What to work on> Scan the listing below. Return every line containing the string "Pouillot".

Dataset records>
━━━━━━━━━━━━━━━━

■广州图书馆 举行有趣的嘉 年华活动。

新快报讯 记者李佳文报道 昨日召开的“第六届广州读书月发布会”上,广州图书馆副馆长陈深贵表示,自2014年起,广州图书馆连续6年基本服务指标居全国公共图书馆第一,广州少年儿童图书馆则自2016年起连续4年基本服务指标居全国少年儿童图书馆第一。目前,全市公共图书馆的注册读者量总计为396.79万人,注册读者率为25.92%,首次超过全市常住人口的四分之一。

━━━━━━━━━━━━━━━━

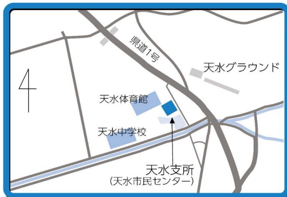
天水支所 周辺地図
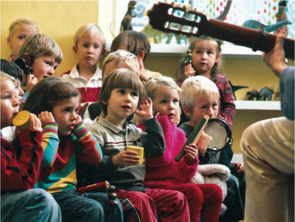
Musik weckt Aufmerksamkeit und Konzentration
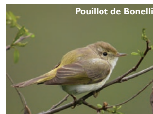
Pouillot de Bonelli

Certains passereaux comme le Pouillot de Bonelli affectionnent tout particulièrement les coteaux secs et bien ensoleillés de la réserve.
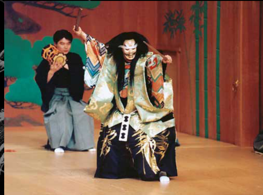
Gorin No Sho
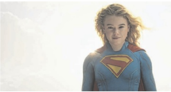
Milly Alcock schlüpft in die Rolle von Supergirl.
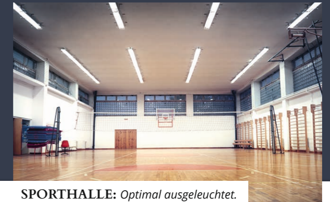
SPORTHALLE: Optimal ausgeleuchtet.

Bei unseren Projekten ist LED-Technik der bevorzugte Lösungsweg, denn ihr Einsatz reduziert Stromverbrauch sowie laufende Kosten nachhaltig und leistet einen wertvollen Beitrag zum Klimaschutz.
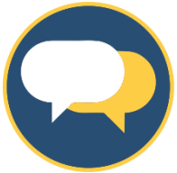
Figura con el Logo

━━━━━━━━━━━━━━━━

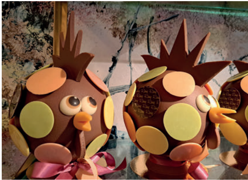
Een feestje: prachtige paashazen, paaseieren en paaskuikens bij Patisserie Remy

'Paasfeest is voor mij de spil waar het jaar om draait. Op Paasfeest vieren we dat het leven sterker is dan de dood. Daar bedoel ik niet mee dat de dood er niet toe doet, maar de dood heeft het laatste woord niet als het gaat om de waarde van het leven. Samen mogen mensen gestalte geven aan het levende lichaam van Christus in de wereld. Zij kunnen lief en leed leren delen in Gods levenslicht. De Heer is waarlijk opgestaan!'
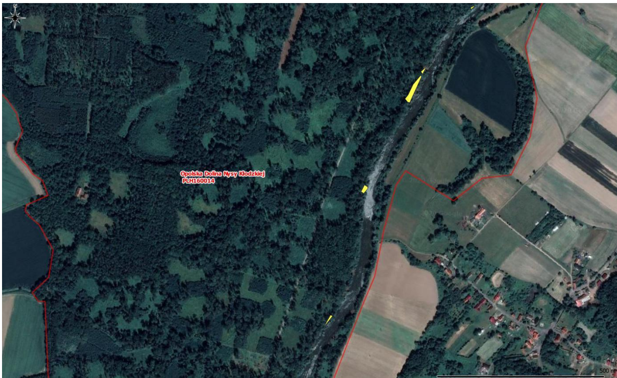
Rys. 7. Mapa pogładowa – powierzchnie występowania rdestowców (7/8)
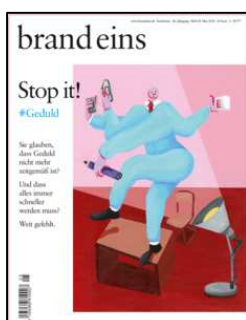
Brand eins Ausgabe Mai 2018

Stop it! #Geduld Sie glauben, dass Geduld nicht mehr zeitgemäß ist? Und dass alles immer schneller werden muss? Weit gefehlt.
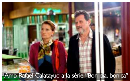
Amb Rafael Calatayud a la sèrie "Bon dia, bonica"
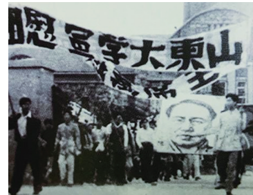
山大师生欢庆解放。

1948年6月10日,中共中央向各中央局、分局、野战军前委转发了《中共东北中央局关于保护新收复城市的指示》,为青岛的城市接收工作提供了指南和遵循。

━━━━━━━━━━━━━━━━

Answer section>
Pouillot de Bonelli
Certains passereaux comme le Pouillot de Bonelli affectionnent tout particulièrement les coteaux secs et bien ensoleillés de la réserve.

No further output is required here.